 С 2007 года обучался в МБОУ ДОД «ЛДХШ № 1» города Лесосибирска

==

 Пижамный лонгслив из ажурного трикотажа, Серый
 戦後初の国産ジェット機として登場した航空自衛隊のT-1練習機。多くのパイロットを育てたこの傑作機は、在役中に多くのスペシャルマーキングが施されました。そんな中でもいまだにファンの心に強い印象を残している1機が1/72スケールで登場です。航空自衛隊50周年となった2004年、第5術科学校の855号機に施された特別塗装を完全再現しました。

TASK PROMPT ▸ Extract the lines of the preceding material that run from the line with "Пижамный лонгслив из" through the line with "戦後初の国産ジェット機として", inclusive, reproducing them exactly and adding nothing.

RESULT OF THE EXERCISE ▸
 Пижамный лонгслив из ажурного трикотажа, Серый
 戦後初の国産ジェット機として登場した航空自衛隊のT-1練習機。多くのパイロットを育てたこの傑作機は、在役中に多くのスペシャルマーキングが施されました。そんな中でもいまだにファンの心に強い印象を残している1機が1/72スケールで登場です。航空自衛隊50周年となった2004年、第5術科学校の855号機に施された特別塗装を完全再現しました。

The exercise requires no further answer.